Available records Start Marker

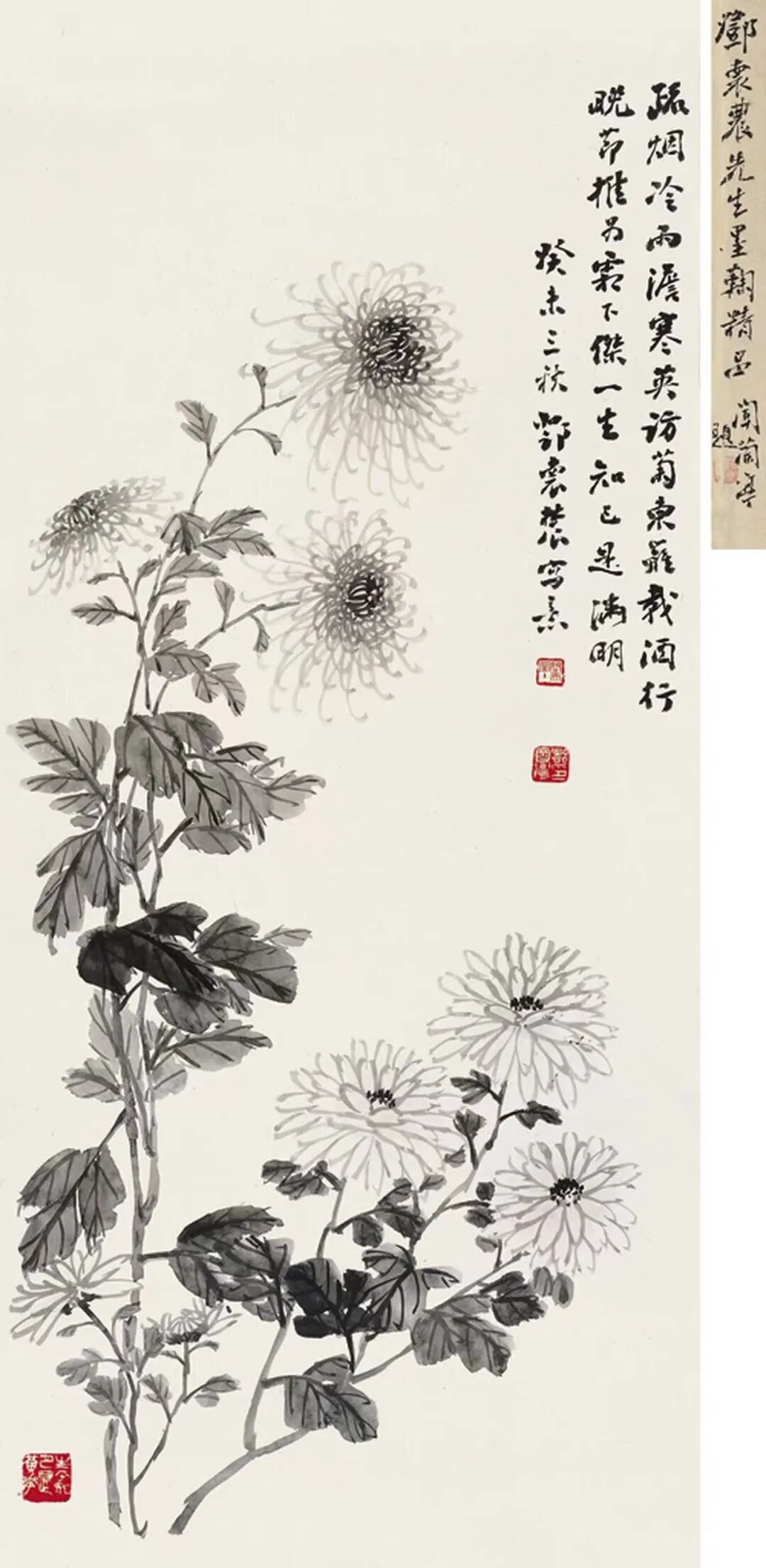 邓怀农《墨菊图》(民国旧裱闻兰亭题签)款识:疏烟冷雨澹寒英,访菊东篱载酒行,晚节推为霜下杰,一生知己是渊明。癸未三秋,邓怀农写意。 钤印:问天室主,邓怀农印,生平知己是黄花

Available records End Marker
Available records Start Marker

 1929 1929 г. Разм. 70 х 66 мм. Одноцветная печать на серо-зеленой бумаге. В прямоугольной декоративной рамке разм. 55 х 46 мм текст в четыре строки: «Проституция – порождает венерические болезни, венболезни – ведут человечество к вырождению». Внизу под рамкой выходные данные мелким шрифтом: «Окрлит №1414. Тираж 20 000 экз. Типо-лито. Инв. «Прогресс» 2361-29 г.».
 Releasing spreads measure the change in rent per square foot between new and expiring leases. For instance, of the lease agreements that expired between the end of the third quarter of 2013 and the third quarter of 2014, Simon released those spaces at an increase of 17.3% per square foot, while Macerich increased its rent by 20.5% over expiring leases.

Available records End Marker

**Work task**
Within the data above, the lines from the one with "1929 1929 г." to the one with "Releasing spreads measure" must be repeated exactly; no other line belongs in the answer.

**Reply to the task**
 1929 1929 г. Разм. 70 х 66 мм. Одноцветная печать на серо-зеленой бумаге. В прямоугольной декоративной рамке разм. 55 х 46 мм текст в четыре строки: «Проституция – порождает венерические болезни, венболезни – ведут человечество к вырождению». Внизу под рамкой выходные данные мелким шрифтом: «Окрлит №1414. Тираж 20 000 экз. Типо-лито. Инв. «Прогресс» 2361-29 г.».
 Releasing spreads measure the change in rent per square foot between new and expiring leases. For instance, of the lease agreements that expired between the end of the third quarter of 2013 and the third quarter of 2014, Simon released those spaces at an increase of 17.3% per square foot, while Macerich increased its rent by 20.5% over expiring leases.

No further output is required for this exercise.